The great Chi McBride, of The Secret Diary of Desmond Pfieffer fame, plays the restaurant’s resident philosopher and unlicensed shrink, a thoughtful man in a thoughtless film. In the movie’s one moment of inspiration, he explains to Dean that the restaurant was in a bad place three years earlier, before the tricking coworkers into seeing your penis game breathed new life into the entire establishment and allowed both the restaurant and its employees to get through this tough spot and evolve.
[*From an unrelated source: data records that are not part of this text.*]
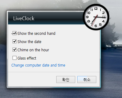 이 아날로그 시계 가젯은 단순한 기본 윈도우7 아날로그 시계 가젯을 수정한 버전인데요, 날짜 표시, 글래스 효과 외에 특별히 정각 알림 기능이 들어간 가젯입니다.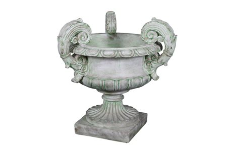 BASE DA TAVOLO in pietra dipinta a finto bronzo patinato raffigurante vaso mediceo con manici maestranze italiane XX secolo h cm 78 x 78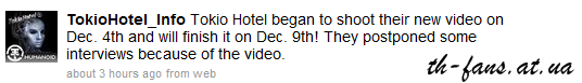 | Tokio Hotel приступили к сьемках своего нового видео (Lass uns Laufen/World Behind my Wall) 4 декабря, которые продлятся до 9 декабря. В связи со сьемками группа отложила несколько интервью для прессы.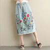 Spring Small Fresh Loose Large Size Ethnic Style Denim Heavy Industry Embroidered Elastic Waist Big Pocket Split Skirt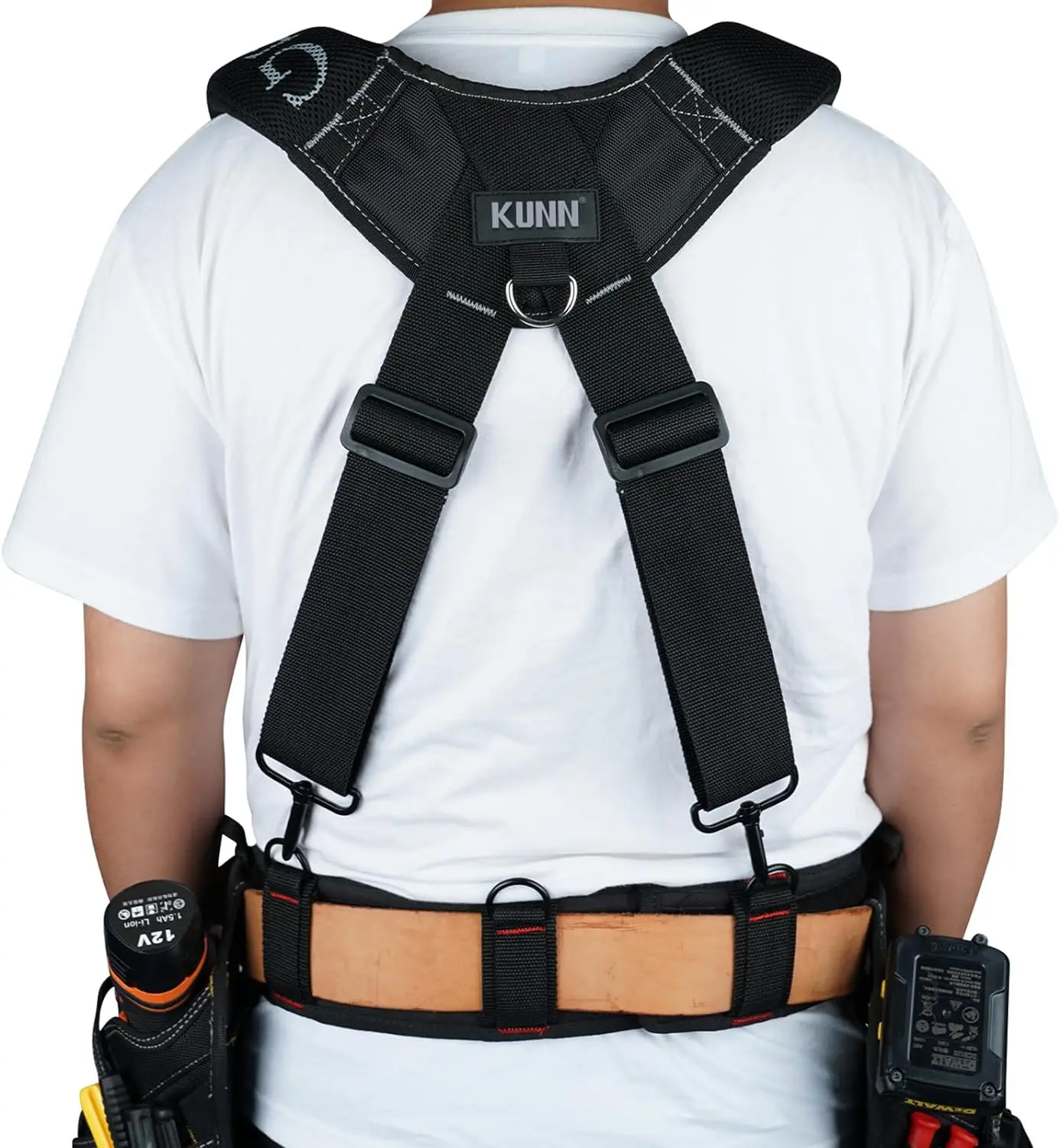 CONSTRUCTION: The tool belt suspenders is made of high quality durable material,4 tool belt loops are easy to add and secure the tool belt,this construction reduces the burden on the hips and lower back and can be worn through a 3 inch wide tool belt.

McBride’s unlikely paragon of wisdom asks Dean to figure out what his personal version of the tricking-people-into-looking-at-your-penis game is and then pursue it so that he can get past the funk he’s personally mired in. McBride beautifully underplays the character and the moment. The idea of something as aggressively stupid and juvenile as a game where people try to trick coworkers into looking at their naked penis as a metaphor for personal growth and evolution is clever but even at its best, Waiting… isn't actually funny.
The sheer volume of people who’ve worked in food service at some point helps explain why a movie this dreadful could develop a sizable cult following. But I suspect the film’s cult status is also attributable to a scene where a cartoonishly nasty customer sends back her meal as unacceptable and seemingly the entire crew decides to “flavor” the nasty woman’s plate with something disgusting from their own bodies, from a giant gob of spit to a generous helping of dandruff.
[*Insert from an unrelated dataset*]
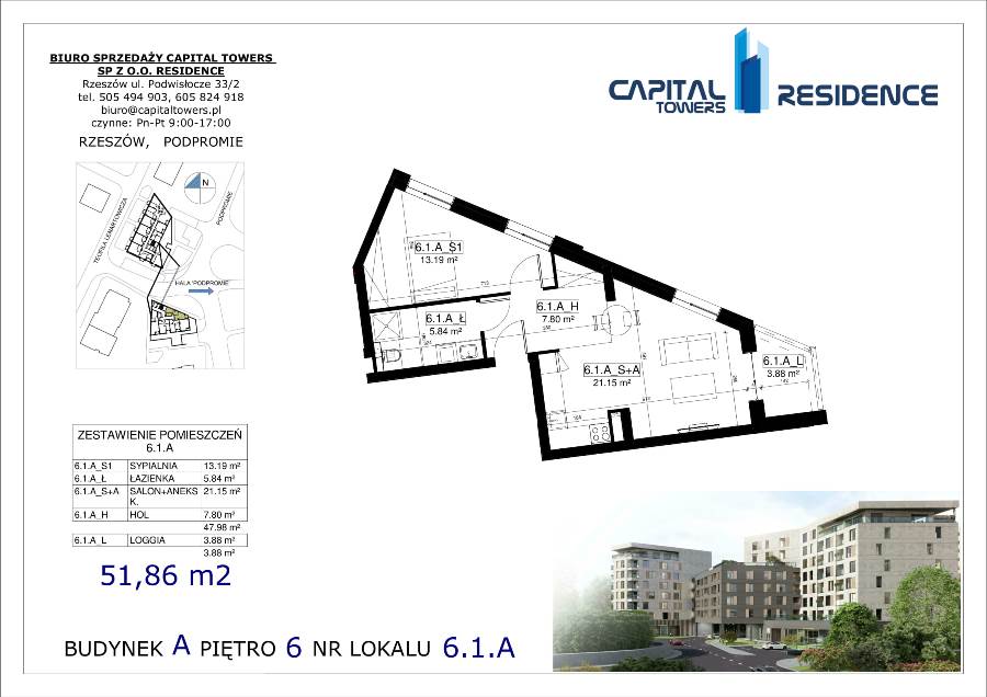 3 Pokoje z balkonem nad Wisłokiem 2 piętro i miejscem postojowym Capital Towers

The scene doesn’t really even try to be funny. It’s content to be gross in an unfortunately memorable way. That’s true of the film as a whole. For possibly the first time in my life, I actually rented the R-rated version of Waiting… instead of the unrated version. I’m glad I did. It’s not the profanity or the raunch or the slurs that I found offensive so much as the laziness and the stupidity.
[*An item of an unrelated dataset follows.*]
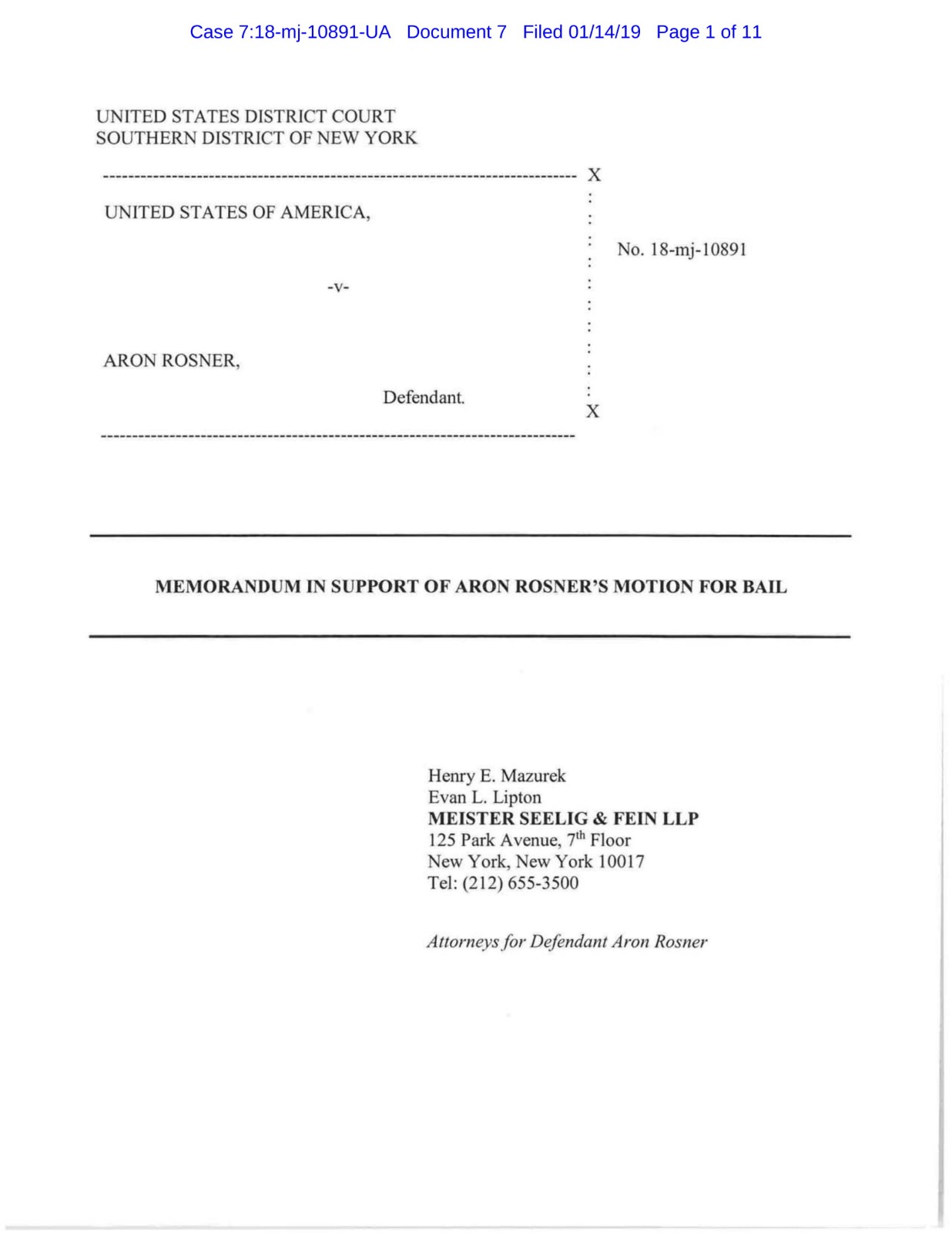 According to court documents provided to YWN, attorneys for Aron Rosner, Henry E. Mazurek and Eval L. Lipton filed a motion on Monday January 14 to have Rosner released on bail with the following conditions:

Watching Waiting… made me realize that I didn’t hate Reynolds as the start of his career out of a knee jerk hostility towards handsome frat boy types. During the Van Wilder phase of his career, his movies generally were legitimately terrible, and his glib delivery of awful dialogue made everything worse.
Reynolds has subsequently evolved into a terrific comic performer and a dramatic actor of some depth. I’m particularly fond of his under-the-radar performances in The Voices and Mississippi Grind.
Reynolds was destined for bigger and better things so it is perhaps not surprising that he did not return to the Waiting… franchise for the movie’s 2009’s direct-to-DVD sequel Still Waiting…
He probably made a wise choice. In an excruciatingly awkward interview with Rolling Stone blurb artist Peter Travers, Long responds to a question about performances he’s embarrassed by with, “I did a cameo in a sequel to Waiting.... I’m truly embarrassed by that one.” He went on to specify that what he regretted was “being part of a movie that is offensive.”
The idea that a man who starred in a movie as offensive and indefensible as Waiting… could be embarrassed by its sequel fascinates me. I’m so morbidly fascinated by the prospect of a movie that’s like Waiting… but somehow worse and more offensive, to the point where even the actors in it are offended by it, that I’m strongly considering writing up the sequel for This Looks Terrible!
Could Still Waiting… possibly be as terrible as Long makes it out to be? I intend to find out because I am a masochist and a glutton for punishment. I’m warning you, however, that in my Still Waiting… This Looks Terrible! article I will try to trick you into looking at my penis.
So you have that to look forward to, and also to dread. That goes double for me.